Just like other technical fields, there are procedures and best practices for the development of test questions.  There are also conventions that lead to the development of items that are both valid and reliable.

Reliability and Validity

Measurement experts (and many educators) believe that every measurement device should possess certain qualities. Perhaps the two most common technical concepts in measurement are reliability and validity. Any kind of assessment, … must be developed in a way that gives the assessor accurate information about the performance of the individual. At one extreme, we wouldn’t have an individual paint a picture if we wanted to assess writing skills.

A. Reliability: Definition

• The degree of consistency between two measures of the same thing. (Mehrens and Lehman, 1987).

• The measure of how stable, dependable, trustworthy, and consistent a test is in measuring the same thing each time (Worthen et al., 1993)

For example, if we wish to measure a person’s weight, we would hope that the scale would register the same measure each time the person stepped on the scale.

B. Validity

1. Definition:

• Truthfulness: Does the test measure what it purports to measure? the extent to which certain inferences can be made from test scores or other measurement. (Mehrens and Lehman, 1987)

• The degree to which they accomplish the purpose for which they are being used. (Worthen et al., 1993)

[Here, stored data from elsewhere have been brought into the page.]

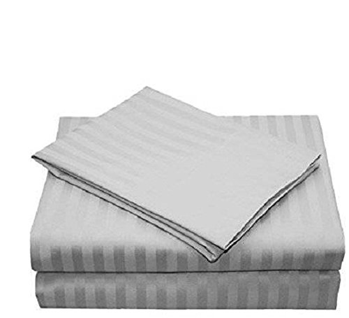 100% Pima Cotton 1-Piece Fitted Sheet & 2- Piece Pillowcases with 6-10 inches Extra Fit Deep Pocket Both Pattern Solid/Stripe 500 Thread Count (Full , Stripe , Light grey).
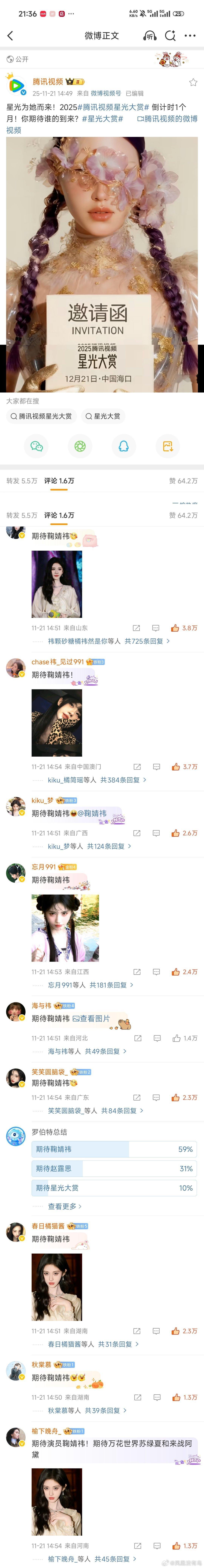 腾讯视频星光大赏评论区前排都是鞠婧祎粉丝太牛了橘丝
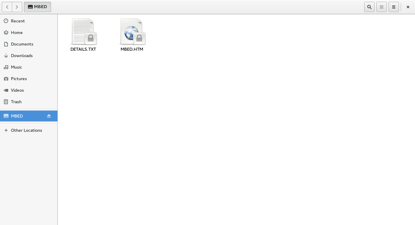 Ao conectar a placa no USB, estes arquivos deverão aparecer e quando acessar MBED.HTM o reconhecimento da placa é feito automaticamente
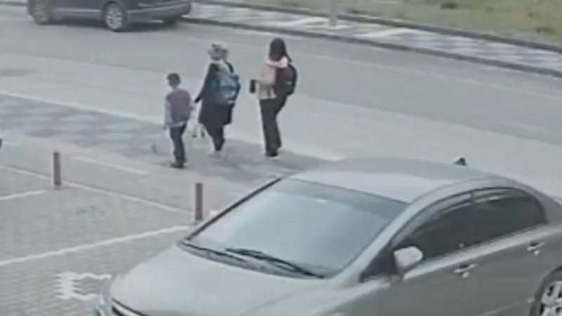 Anne ve çocukları ile köpekler, bir süre sonra kamera kadrajından çıktı.
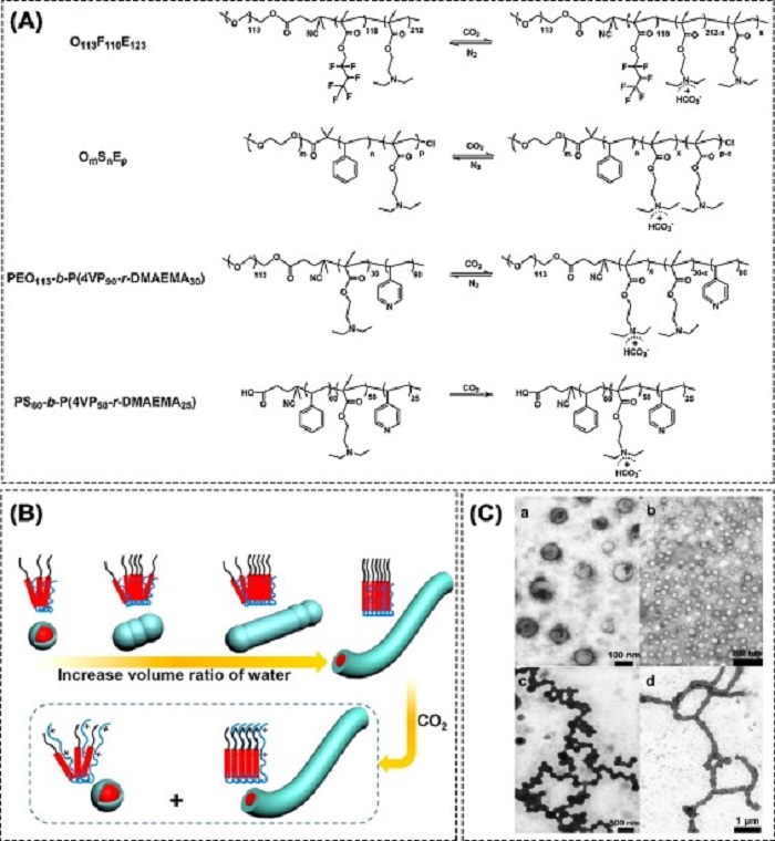 图10 CO2敏感的嵌段共聚物及其所形成的PWLMs (原文中图11)
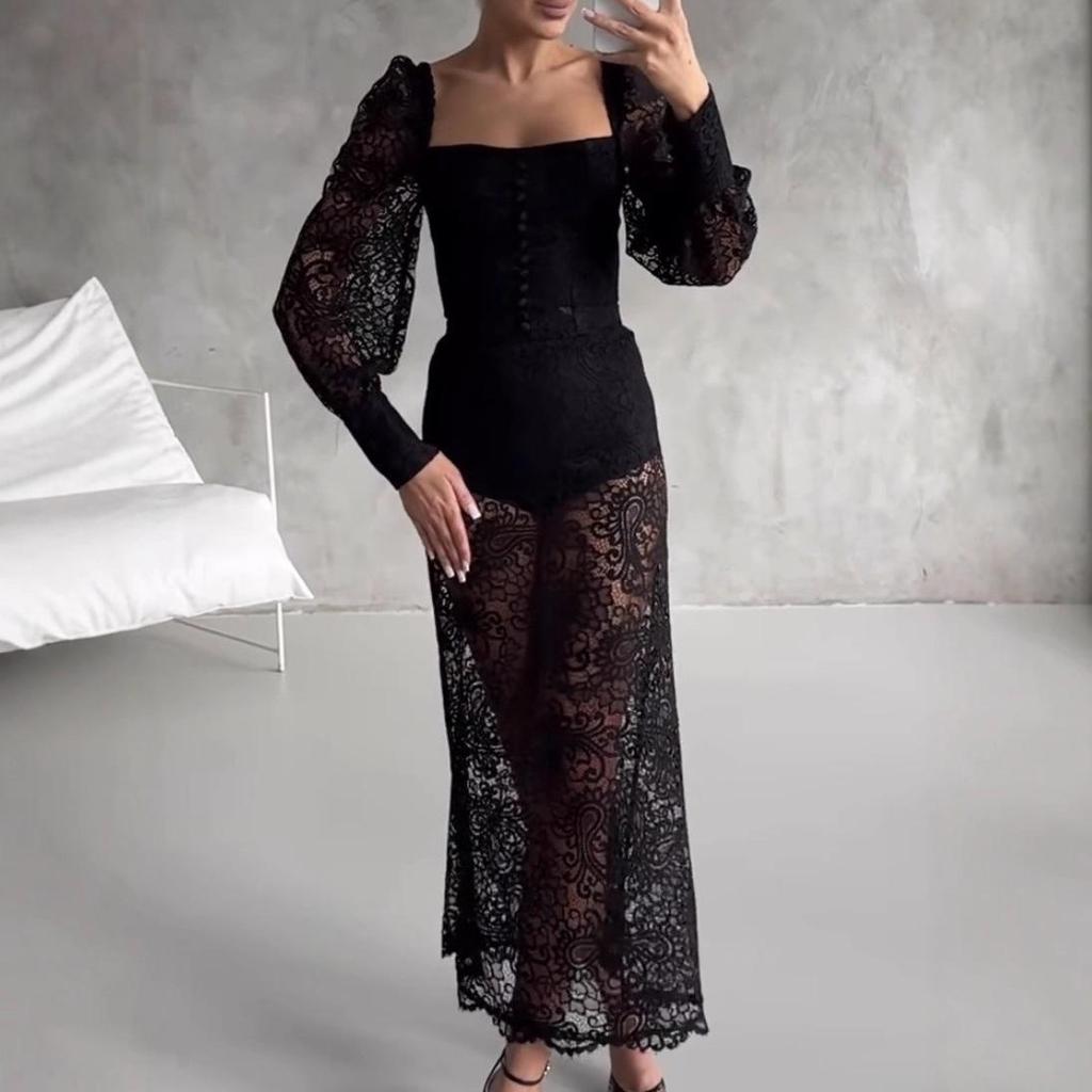 Cross-Border Women's Sexy Lace Deep V Ruffle Beach Dress

For a test to be valid, or truthful, it must first be reliable. If we cannot even get a bathroom scale to give us a consistent weight measure, we certainly cannot expect it to be accurate. Note, however, that a measure might be consistent (reliable) but not accurate (valid). A scale may record weights as two pounds too heavy each time. In other words, reliability is a necessary but insufficient condition for validity. (Neither validity nor reliability is an either/or dichotomy; there are degrees of each.)

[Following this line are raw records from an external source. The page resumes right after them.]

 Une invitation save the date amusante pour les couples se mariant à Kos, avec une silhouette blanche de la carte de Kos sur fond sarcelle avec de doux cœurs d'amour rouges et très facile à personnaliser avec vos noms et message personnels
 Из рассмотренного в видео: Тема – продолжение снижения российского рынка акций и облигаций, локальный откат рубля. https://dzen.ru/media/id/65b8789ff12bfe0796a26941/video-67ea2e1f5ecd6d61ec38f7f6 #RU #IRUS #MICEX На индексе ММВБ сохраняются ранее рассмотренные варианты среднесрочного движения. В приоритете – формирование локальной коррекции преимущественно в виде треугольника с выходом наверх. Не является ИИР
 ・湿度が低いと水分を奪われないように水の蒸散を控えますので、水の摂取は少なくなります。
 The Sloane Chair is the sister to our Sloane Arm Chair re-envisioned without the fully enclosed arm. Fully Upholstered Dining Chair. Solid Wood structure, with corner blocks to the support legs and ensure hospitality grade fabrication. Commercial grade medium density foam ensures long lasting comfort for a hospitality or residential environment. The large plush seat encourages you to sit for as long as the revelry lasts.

http://course1.winona.edu/lgray/el626/MandEtext3.html

Most good certification exams begin with a blueprint.  The blueprint defines the topics and sub-topics that are likely to be included on the exam.  In some cases, a blueprint will be developed by a group of subject matter experts who are familiar with the knowledge and skills needed to perform the job.  In some cases these are the experts who will also develop the test items.  In other cases, a different group of subject matter experts will develop the questions.  Blueprint development can also be based on the learning objectives from course offerings that cover exam topics.  Once a blueprint is developed, it should be put out for review by subject matter experts.  Most often these experts are performing the job roles and they are knowledgeable about what is needed to successfully carry out the needed activities.

The blueprint areas are usually weighted for importance and an associated number of items to be written are assigned to the topics to be covered.  Publishing the blueprint and associated sample test items is usually done so that the candidates can prepare for the exam.  Sample items for well-constructed exams are of the same difficulty and quality level as items the exam candidate might expect to find on the exam.

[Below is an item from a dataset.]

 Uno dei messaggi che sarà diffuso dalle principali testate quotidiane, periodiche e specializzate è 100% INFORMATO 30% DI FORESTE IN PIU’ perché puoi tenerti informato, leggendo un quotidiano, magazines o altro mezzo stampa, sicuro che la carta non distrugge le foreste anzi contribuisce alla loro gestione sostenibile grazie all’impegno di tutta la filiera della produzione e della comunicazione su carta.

While processes vary and item development might be in workshop format, or submission by subject matter experts or another process, the end result is a certification exam that will allow individuals who pass the exam to present themselves as having the expertise that the exam certified.

Certification exams are developed and taken so that there is a standard.  People who have passed the exam can say they have met this standard.  It allows for selection of providers who have a credential that informs the “buyer” that they have engaged a professional for a role in which they have shown their expertise by passing an exam.  An exam that has been put in place to test many people who want to establish they have expertise in a specific area.

Certifications are valuable and worthwhile.  But a certification is only as good as the exam that produced it.  Avoid these common pit falls and stay focused on the goal: an exam that tests the skills, behavior and knowledge needed to carry out the tasks of the role.  In the next installment, I will discuss recommendations for updating and revising certification exams.